The 2015 discovery of water on Mars, an essential for life on Earth, sparked theories of thriving Martian life. Ideas of interstellar travel to find extracellular beings were suddenly within reach. The second Montreal Space Symposium on Oct. 18 to 19, offered a forum for the future of space exploration, where speakers shared their passion for the next frontier.
Surface formations on Mars indicate that water may have swept up sediment and debris, before being flushed underground and sequestered away for billions of years in lava-formed rock passages. These Martian lava tubes now serve as stores for icy water and would provide a protective environment to microbes that may may exist within the rocks. These possible alien microbes would explain the persistent traces of methane in Mars’ atmosphere.
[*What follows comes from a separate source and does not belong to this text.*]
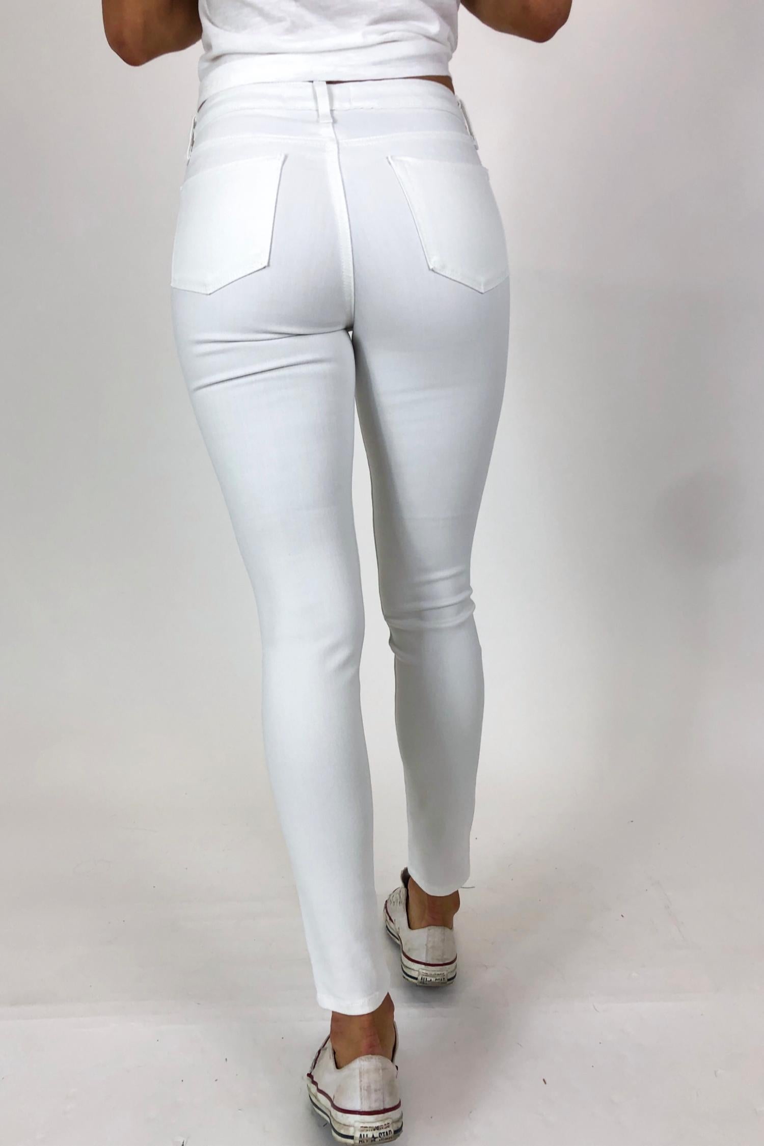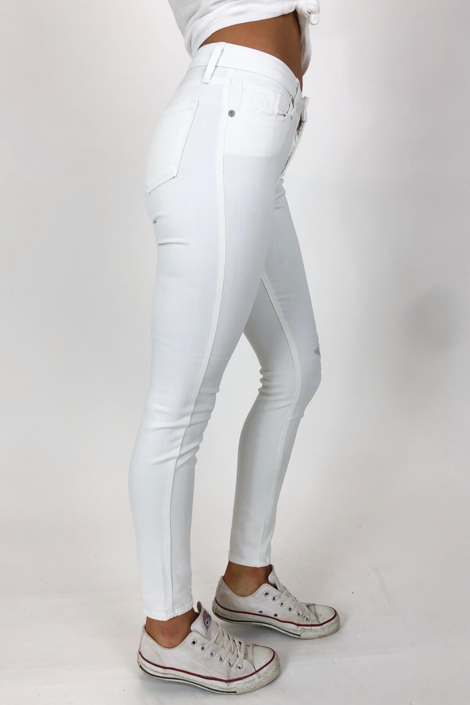 A skinny jean that is both flatering and comfortable. We love this style because it works great with boots, or without! Elevate your wardrobe with the Skinny Jean by JUST USA, crafted in a chic optic white for a minimalist look. These jeans offer a flattering slim fit with a mid-rise and skinny leg, perfect for versatile styling. Made from a soft and stretchy cotton blend, the fabric combines 52% Rayon, 26% Cotton, 21% Polyester, and 1% Spandex, featuring a distressed knee for added style. Closure: Button closure. The model is 5'8" and wears a size small, dress size 2.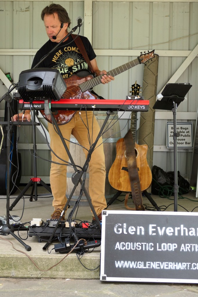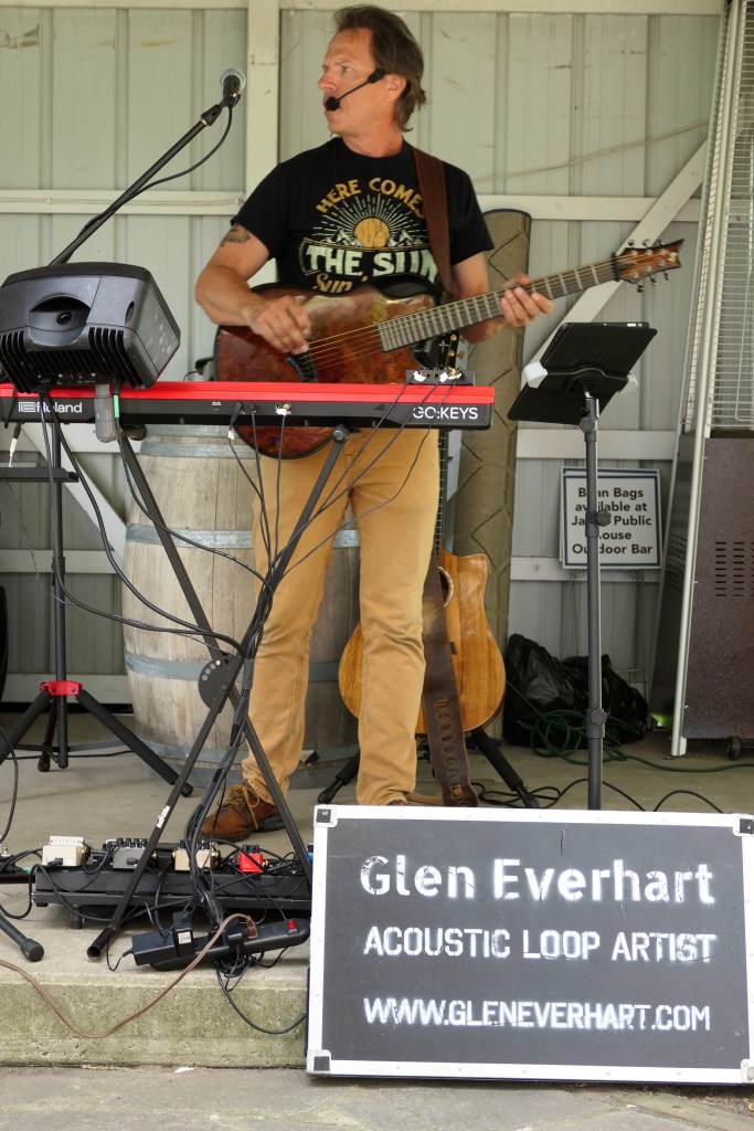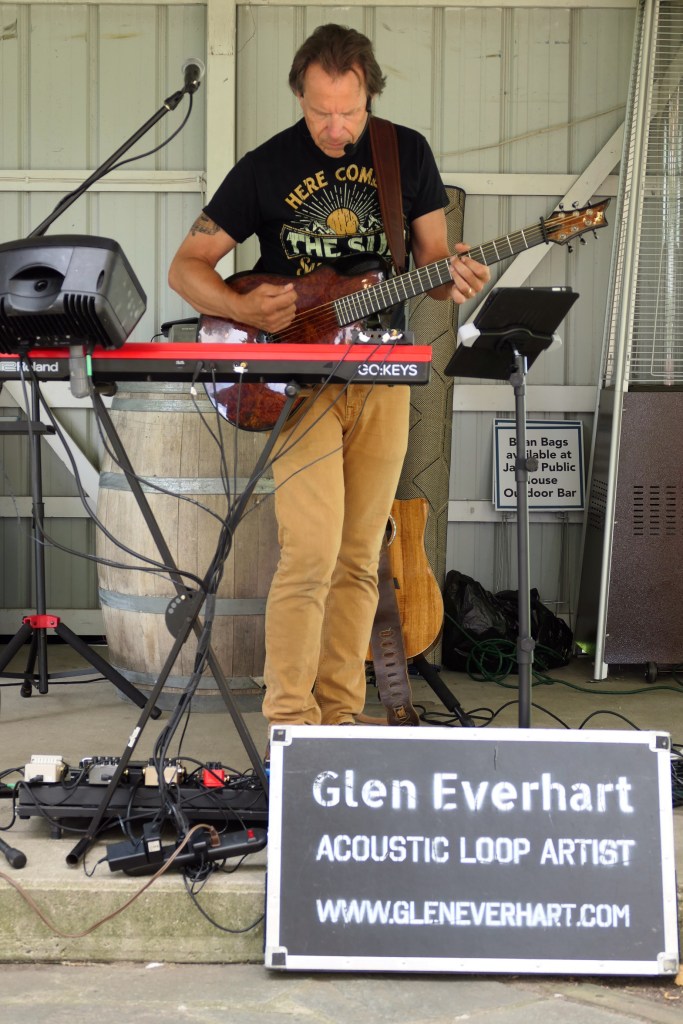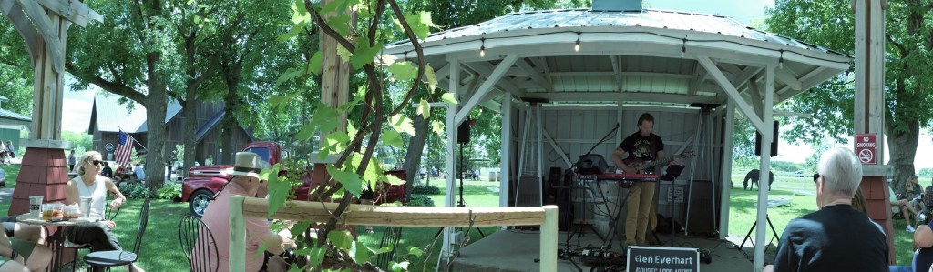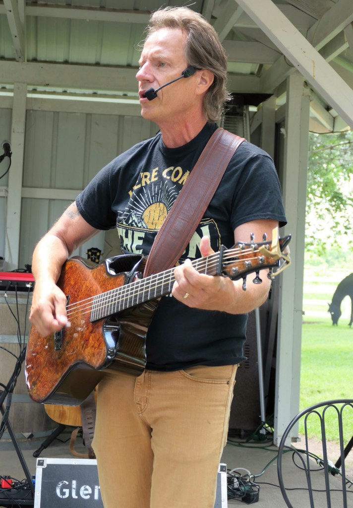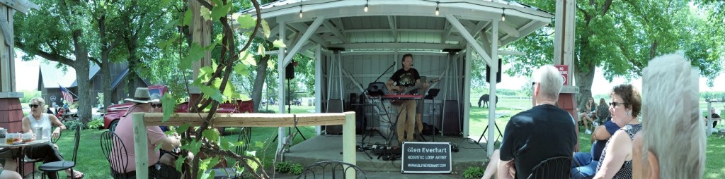 [Glen Everhart took the stage at Carlos Creek Winery. Glen has been driving from Blaine to Alexandria to perform for over 30 years. He estimates he has performed at Arrowwood over 400 times (used to be every Wednesday during the season, now four times a year). Yet this was his very first time at the winery . . . ]

The Martian subsurface matches Earth’s own, where a thin film of water lies in lava tubes between ice and rock. Despite this harsh environment, Earth’s microorganisms thrive in large populations in lava tubes at oxygen concentrations very similar to those on Mars. They have adapted to using iron or other inorganic compounds as sources of energy.
“What this tends to indicate to us is that there could be a broad range of metabolisms as well as survival strategies,” Brady O’Connor, a Master’s student in the Department of Natural Resource Sciences, said in an interview with The McGill Tribune. “From a habitability standpoint and an astrobiology standpoint, this is encouraging.’’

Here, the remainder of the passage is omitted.